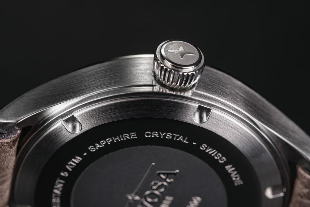 Sportovní, mladistvé, nápadné - s precizním designem ciferníku, barevnými akcenty v oranžové a červené barvě a řemínkem z nejjemnější italské vintage kůže působí hodinky Axis Automatic na zápěstí výrazným dojmem. Váha hodinek je 116 gramů
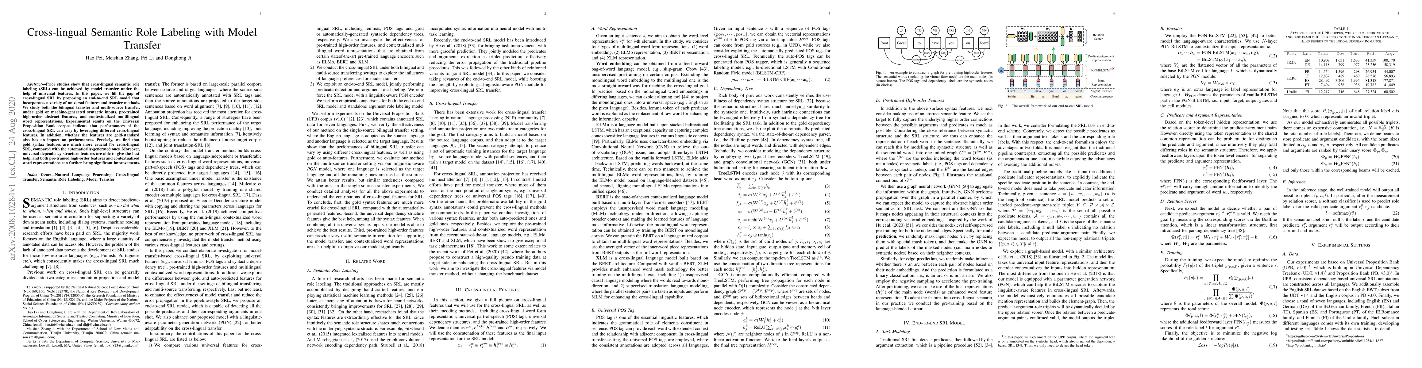 This paper proposes an end-to-end model for cross-lingual semantic role labeling (SRL) that leverages various universal features and transfer methods. Experimental results demonstrate that gold-standard syntactic features significantly improve performance over machine-generated ones, with universal dependency structures providing the best results, supplemented by pre-trained high-order features and contextualized word representations.
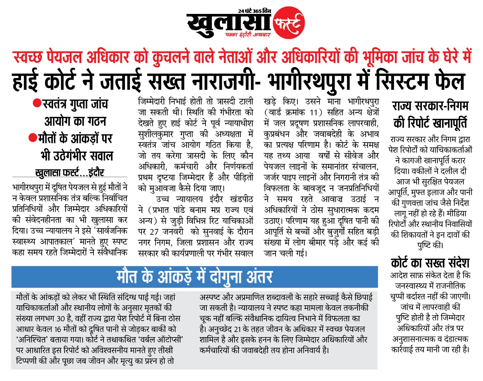 हाई कोर्ट ने जताई सख्त नाराजगी-भागीरथपुरा में सिस्टम फेल: स्वच्छ पेयजल अधिकार को कुचलने वाले नेताओं और अधिकारियों की भूमिका जांच के घेरे में
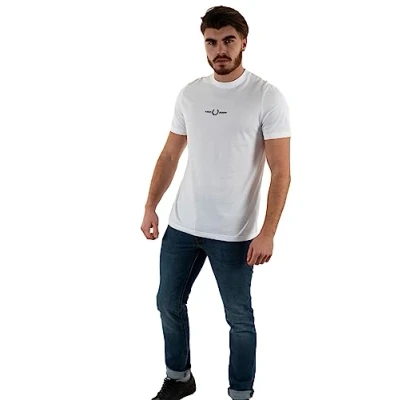 SpartooFred Perry EMBROIDERED T-SHIRT men's T shirt in White
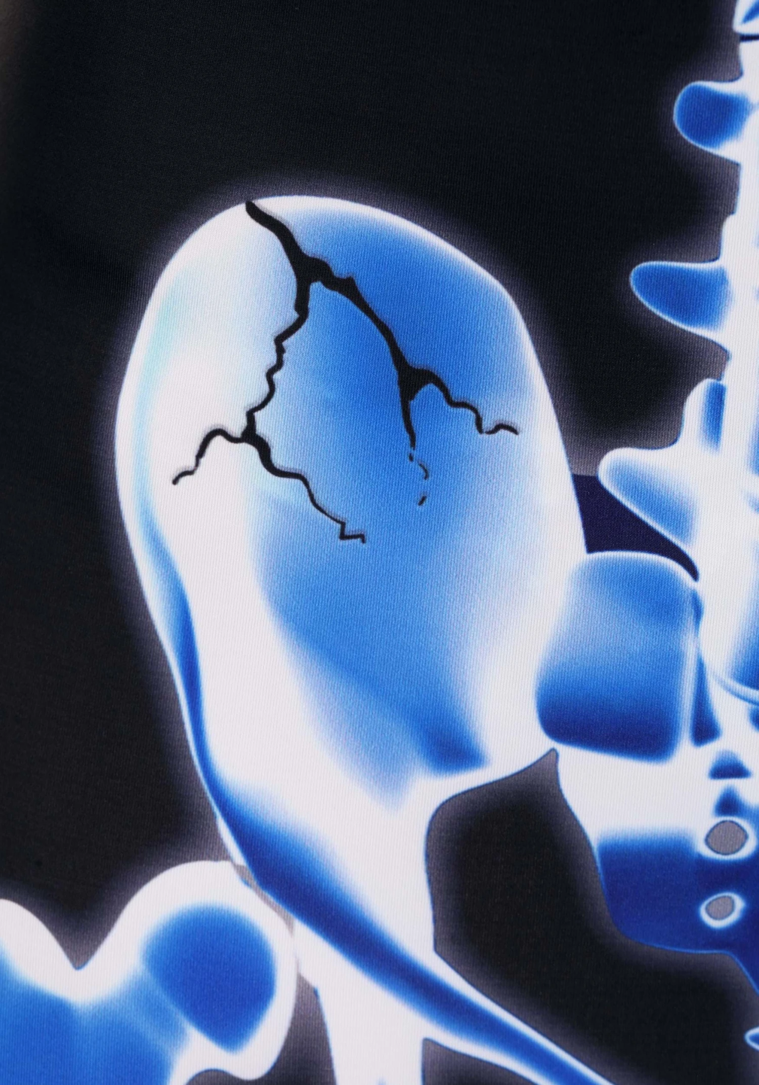 No bones about it – this exclusive X-Ray Skeleton Jumpsuit Costume for Women will be the most memorable costume of the year! The black zip-up jumpsuit is stretchy and form-fitting for comfort, with long arms and legs. The front of the jumpsuit is printed with a life-sized skeleton, complete with anatomically correct bones, that seem to glow an eerie blue. You’ll be a doctor’s dream come true but a nightmare to everyone else!
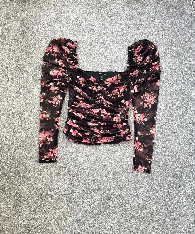The New Look Black Floral Ruched Top is ideal for casual, evening, party.
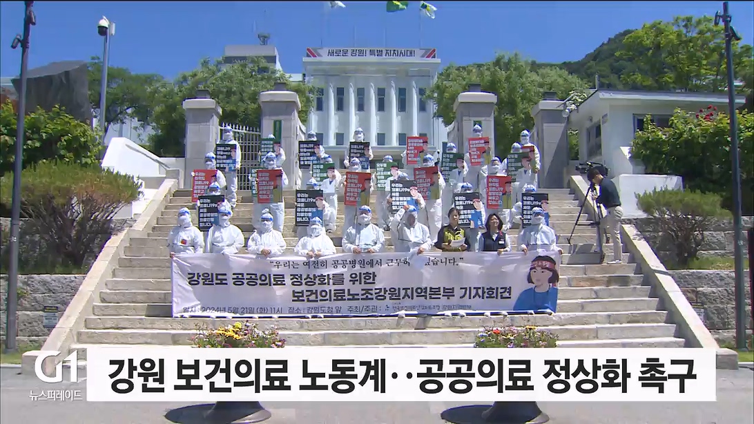 강원지역 보건의료계 노동자들이 오늘(21일) 도청 앞에서 공공의료 정상화를 촉구하는 기자회견을 열었습니다.
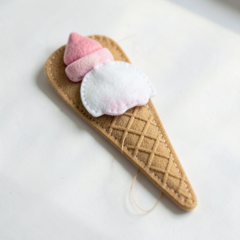 Use tan felt for the wrapper and bright felt for the icing. Tiny stitched sprinkles or a cherry on top make the design pop. This craft is low cost and can be made from small felt leftovers.
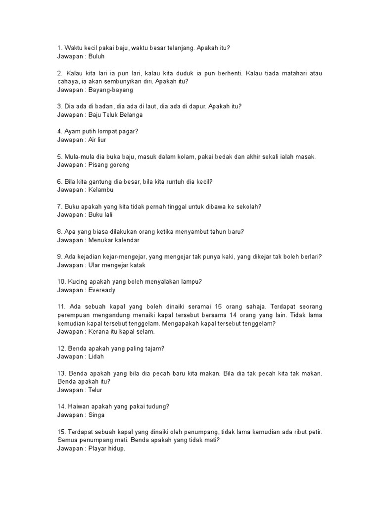 Banyak² kuih, kuih apa yang bukan kuih? Jawapan teka teki dalam nanas ada apa | nanikalux from menulismenconteng.my hewan apa yang paling aneh? Kisah perbualan juga segmen teka teki. Dalam banyak banyak singa.singa apa tidak makan orang.
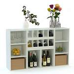 Стеллаж Вальс 50 BMS поможет оборудовать мини-бар в интерьере кухни, гостиной или кабинета. Открытая модель, выполненная в теплых крафтовых тонах из ЛДСП высокого качества, предназначена для размещения винной коллекции, бокалов, сопутствующих аксессуаров и предметов декора. В центре стеллажа располагаются наклонные и высокие прямые полки для бутылок, а по бокам стандартные секции для прочих вещей. Купить стеллаж Вальс 50 BMS приглашаем в наш интернет-магазин с выбором цвета и размеров.
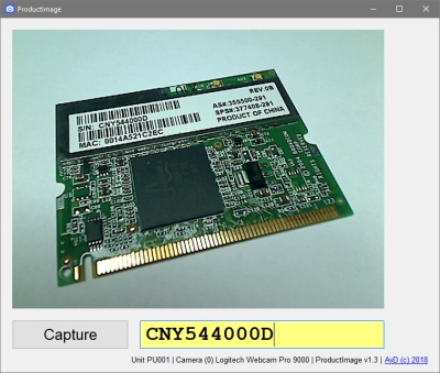 The capture button is disabled as long as the text box for the product identification number is empty. After capturing an image and it is saved in a predefined folder the text box is cleared automatically. In our setup we use a barcode scanner for entering the product identification number.
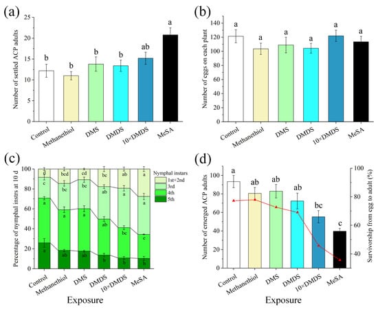 Exposure of sweet orange plants to sulfur volatiles affected the host selection behavior and population development of Asian citrus psyllid (ACP). (a) The number of settled ACP adults at 24 h after their release in wind tunnels. (b) The number of eggs on each plant after ACP oviposition for 48 h. (c) The percentage of nymphal instars at 10 d after ACP release for oviposition. (d) The number of total emerged adults (columns) and the rate of survivorship (dotted line) from egg to adult. Data are shown as means ± SE (n = 5). Different letters on the columns indicate significant differences among the different treatments based on Tukey’s test (p < 0.05).
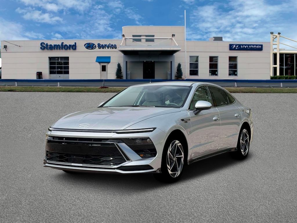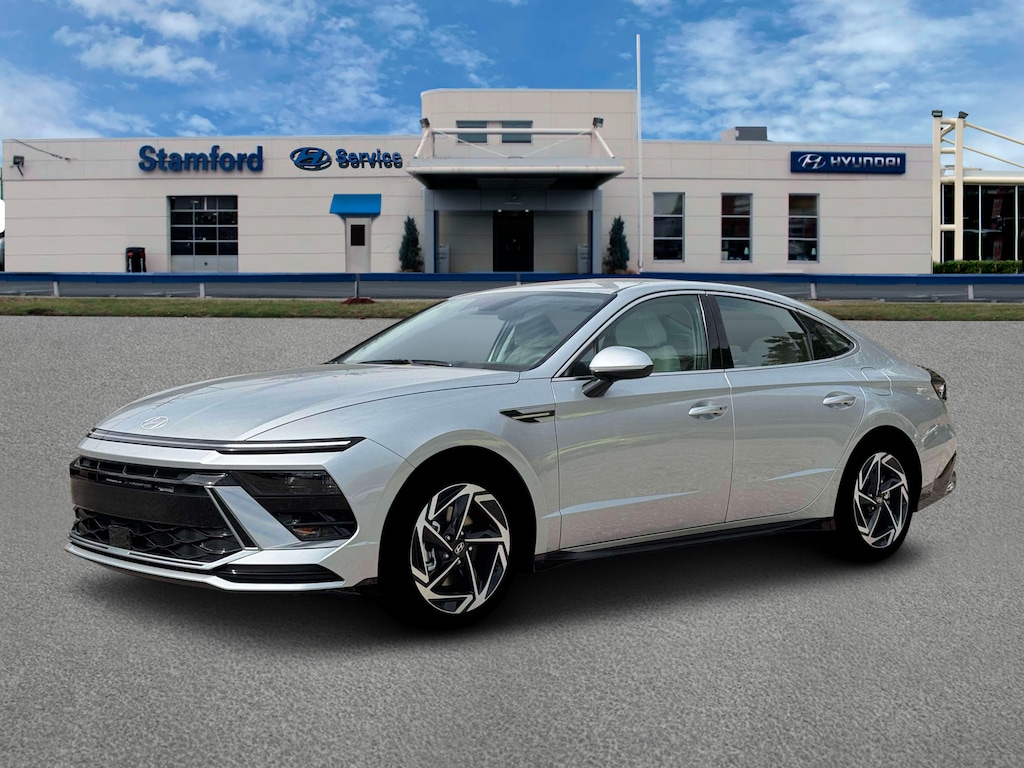 Aero Silver 2026 Hyundai Sonata SEL FWD 8-Speed Automatic I4 18" x 7.5J Aluminum Alloy Wheels, 4-Wheel Disc Brakes, 6 Speakers, ABS brakes, Air Conditioning, Alloy wheels, AM/FM radio: SiriusXM, Apple CarPlay & Android Auto, Auto High-beam Headlights, Automatic temperature control, Brake assist, Bumpers: body-color, Cargo Side Bins, Cargo Tray, Carpeted Floor Mats, Delay-off headlights, Driver door bin, Driver vanity mirror, Dual front impact airbags, Dual front side impact airbags, Electronic Stability Control, Emergency communication system: Bluelink+, Exterior Parking Camera Rear, First Aid Kit, Four wheel independent suspension, Front anti-roll bar, Front Bucket Seats, Front Center Armrest, Front dual zone A/C, Front reading lights, Fully automatic headlights, Heated door mirrors, Heated Front Bucket Seats, Heated front seats, Illuminated entry, Knee airbag, Leather steering wheel, Low tire pressure warning, Occupant sensing airbag, Option Group 01, Outside temperature display, Overhead airbag, Overhead console, Panic alarm, Passenger door bin, Passenger vanity mirror, Power door mirrors, Power driver seat, Power steering, Power windows, Premium Cloth Seating Surfaces, Radio data system, Radio: AM/FM/HD/MP3/SiriusXM, Rear anti-roll bar, Rear seat center armrest, Rear side impact airbag, Rear window defroster, Remote keyless entry, Security system, Speed control, Speed-sensing steering, Speed-Sensitive Wipers, Split folding rear seat, Steering wheel mounted audio controls, Tachometer, Telescoping steering wheel, Tilt steering wheel, Traction control, Trip computer, Variably intermittent wipers.
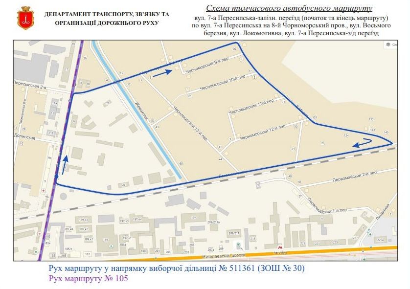 На избирательный участок 511361 - один автобус с интервалом движения в один час по маршруту движения: ул. 7-ая Пересыпская - железнодорожный переезд (начало и конец маршрута) по ул. 7-ая Пересыпская на 8-ой Черноморский пер., ул. Восьмого марта, ул. Локомотивная, ул. 7-ая Пересипская - железнодорожный переезд.
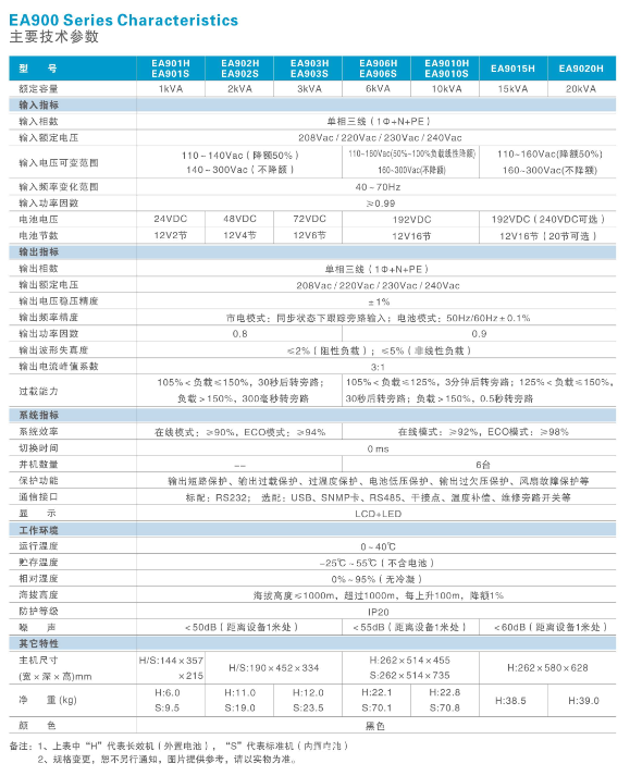第二代EA900系列1kVA-20kVA UPS是易事特公司集最新研發成果和應用經驗,設計、制造的新一代通用型UPS電源,采用先進的DSP數字化控制技術,有效提升了產品性能和系統可靠性,并實現更高功率密度的集成和小型化。同時為了全方位滿足用戶的個性化需求,針對國內外中小企事業單位以及小型供電環境需求而專門推出的高端小功率在線式UPS電源產品,可為用戶的部門級服務器、小型局域網、工作站、工控機、小型醫療設備,及其它小型精密電子儀器提供高可靠電源保護。
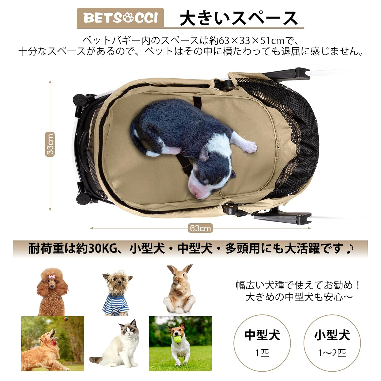 Pet Stroller for Medium Small Dog & Cat, Foldable Lightweight Dog Stroller with Storage Basket Pet Travel Carriage with Safety Leashes, 4 Wheel, Khaki
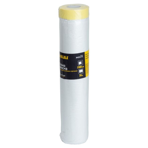 Характеристики Защитная пленка с малярной лентой 2100мм*20м SIGMA (8425171) код товару 8425171
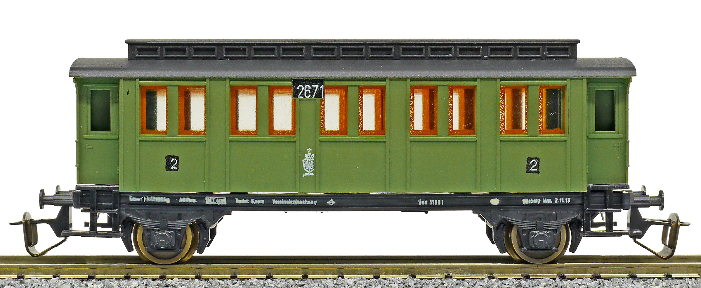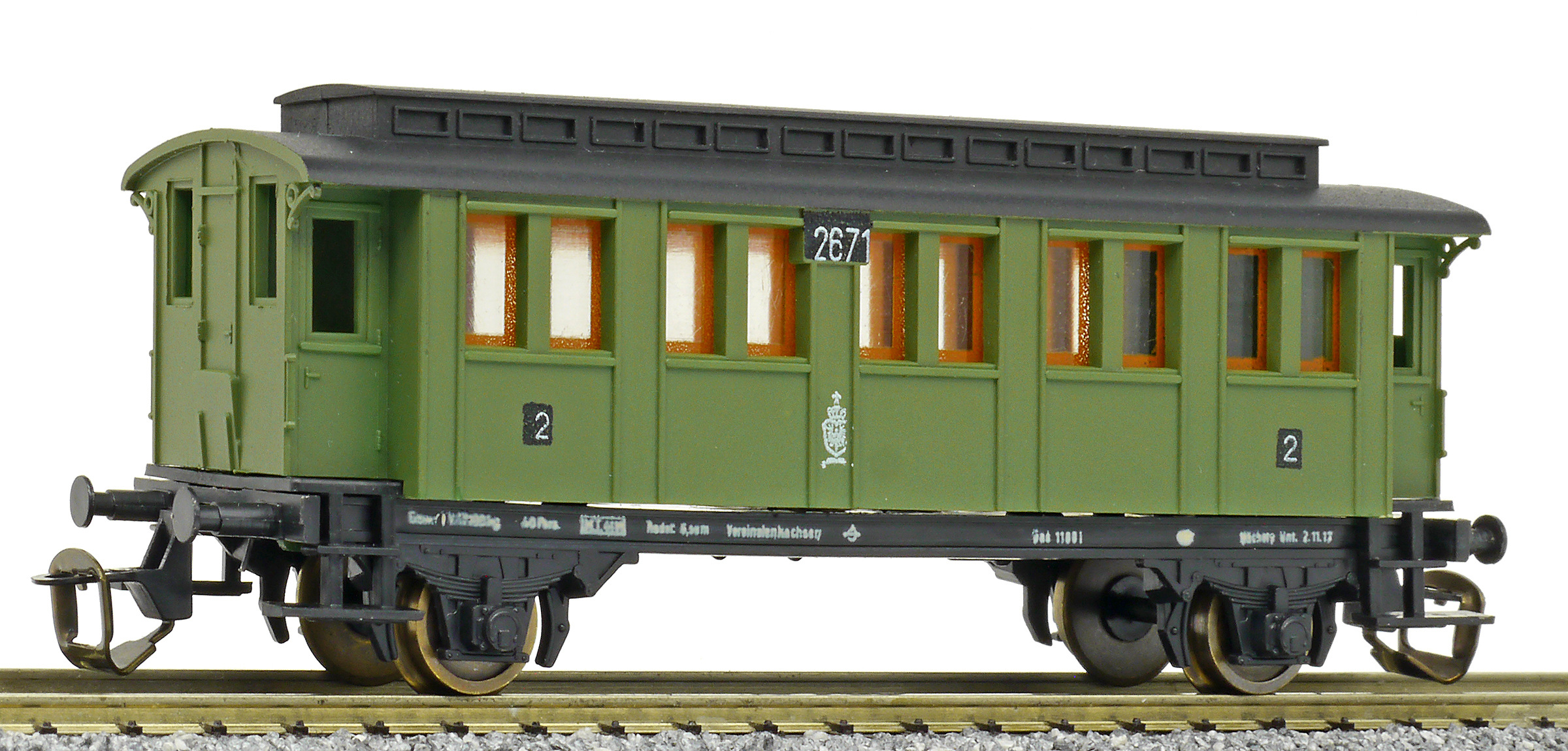 osobní vůz zelený s černou střechou 2. tř.

◆ INSTRUCTIONS FOR THE TASK ◆
Repeat the data above in full and exactly. Omit every image.

◆ RESULT OF THE EXERCISE ◆
 Sportovní, mladistvé, nápadné - s precizním designem ciferníku, barevnými akcenty v oranžové a červené barvě a řemínkem z nejjemnější italské vintage kůže působí hodinky Axis Automatic na zápěstí výrazným dojmem. Váha hodinek je 116 gramů
 This paper proposes an end-to-end model for cross-lingual semantic role labeling (SRL) that leverages various universal features and transfer methods. Experimental results demonstrate that gold-standard syntactic features significantly improve performance over machine-generated ones, with universal dependency structures providing the best results, supplemented by pre-trained high-order features and contextualized word representations.
 हाई कोर्ट ने जताई सख्त नाराजगी-भागीरथपुरा में सिस्टम फेल: स्वच्छ पेयजल अधिकार को कुचलने वाले नेताओं और अधिकारियों की भूमिका जांच के घेरे में
 SpartooFred Perry EMBROIDERED T-SHIRT men's T shirt in White
 No bones about it – this exclusive X-Ray Skeleton Jumpsuit Costume for Women will be the most memorable costume of the year! The black zip-up jumpsuit is stretchy and form-fitting for comfort, with long arms and legs. The front of the jumpsuit is printed with a life-sized skeleton, complete with anatomically correct bones, that seem to glow an eerie blue. You’ll be a doctor’s dream come true but a nightmare to everyone else!
The New Look Black Floral Ruched Top is ideal for casual, evening, party.
 강원지역 보건의료계 노동자들이 오늘(21일) 도청 앞에서 공공의료 정상화를 촉구하는 기자회견을 열었습니다.
 Use tan felt for the wrapper and bright felt for the icing. Tiny stitched sprinkles or a cherry on top make the design pop. This craft is low cost and can be made from small felt leftovers.
 Banyak² kuih, kuih apa yang bukan kuih? Jawapan teka teki dalam nanas ada apa | nanikalux from menulismenconteng.my hewan apa yang paling aneh? Kisah perbualan juga segmen teka teki. Dalam banyak banyak singa.singa apa tidak makan orang.
 Стеллаж Вальс 50 BMS поможет оборудовать мини-бар в интерьере кухни, гостиной или кабинета. Открытая модель, выполненная в теплых крафтовых тонах из ЛДСП высокого качества, предназначена для размещения винной коллекции, бокалов, сопутствующих аксессуаров и предметов декора. В центре стеллажа располагаются наклонные и высокие прямые полки для бутылок, а по бокам стандартные секции для прочих вещей. Купить стеллаж Вальс 50 BMS приглашаем в наш интернет-магазин с выбором цвета и размеров.
 The capture button is disabled as long as the text box for the product identification number is empty. After capturing an image and it is saved in a predefined folder the text box is cleared automatically. In our setup we use a barcode scanner for entering the product identification number.
 Exposure of sweet orange plants to sulfur volatiles affected the host selection behavior and population development of Asian citrus psyllid (ACP). (a) The number of settled ACP adults at 24 h after their release in wind tunnels. (b) The number of eggs on each plant after ACP oviposition for 48 h. (c) The percentage of nymphal instars at 10 d after ACP release for oviposition. (d) The number of total emerged adults (columns) and the rate of survivorship (dotted line) from egg to adult. Data are shown as means ± SE (n = 5). Different letters on the columns indicate significant differences among the different treatments based on Tukey’s test (p < 0.05).
 Aero Silver 2026 Hyundai Sonata SEL FWD 8-Speed Automatic I4 18" x 7.5J Aluminum Alloy Wheels, 4-Wheel Disc Brakes, 6 Speakers, ABS brakes, Air Conditioning, Alloy wheels, AM/FM radio: SiriusXM, Apple CarPlay & Android Auto, Auto High-beam Headlights, Automatic temperature control, Brake assist, Bumpers: body-color, Cargo Side Bins, Cargo Tray, Carpeted Floor Mats, Delay-off headlights, Driver door bin, Driver vanity mirror, Dual front impact airbags, Dual front side impact airbags, Electronic Stability Control, Emergency communication system: Bluelink+, Exterior Parking Camera Rear, First Aid Kit, Four wheel independent suspension, Front anti-roll bar, Front Bucket Seats, Front Center Armrest, Front dual zone A/C, Front reading lights, Fully automatic headlights, Heated door mirrors, Heated Front Bucket Seats, Heated front seats, Illuminated entry, Knee airbag, Leather steering wheel, Low tire pressure warning, Occupant sensing airbag, Option Group 01, Outside temperature display, Overhead airbag, Overhead console, Panic alarm, Passenger door bin, Passenger vanity mirror, Power door mirrors, Power driver seat, Power steering, Power windows, Premium Cloth Seating Surfaces, Radio data system, Radio: AM/FM/HD/MP3/SiriusXM, Rear anti-roll bar, Rear seat center armrest, Rear side impact airbag, Rear window defroster, Remote keyless entry, Security system, Speed control, Speed-sensing steering, Speed-Sensitive Wipers, Split folding rear seat, Steering wheel mounted audio controls, Tachometer, Telescoping steering wheel, Tilt steering wheel, Traction control, Trip computer, Variably intermittent wipers.
 На избирательный участок 511361 - один автобус с интервалом движения в один час по маршруту движения: ул. 7-ая Пересыпская - железнодорожный переезд (начало и конец маршрута) по ул. 7-ая Пересыпская на 8-ой Черноморский пер., ул. Восьмого марта, ул. Локомотивная, ул. 7-ая Пересипская - железнодорожный переезд.
第二代EA900系列1kVA-20kVA UPS是易事特公司集最新研發成果和應用經驗,設計、制造的新一代通用型UPS電源,采用先進的DSP數字化控制技術,有效提升了產品性能和系統可靠性,并實現更高功率密度的集成和小型化。同時為了全方位滿足用戶的個性化需求,針對國內外中小企事業單位以及小型供電環境需求而專門推出的高端小功率在線式UPS電源產品,可為用戶的部門級服務器、小型局域網、工作站、工控機、小型醫療設備,及其它小型精密電子儀器提供高可靠電源保護。
 Pet Stroller for Medium Small Dog & Cat, Foldable Lightweight Dog Stroller with Storage Basket Pet Travel Carriage with Safety Leashes, 4 Wheel, Khaki
 Характеристики Защитная пленка с малярной лентой 2100мм*20м SIGMA (8425171) код товару 8425171
 osobní vůz zelený s černou střechou 2. tř.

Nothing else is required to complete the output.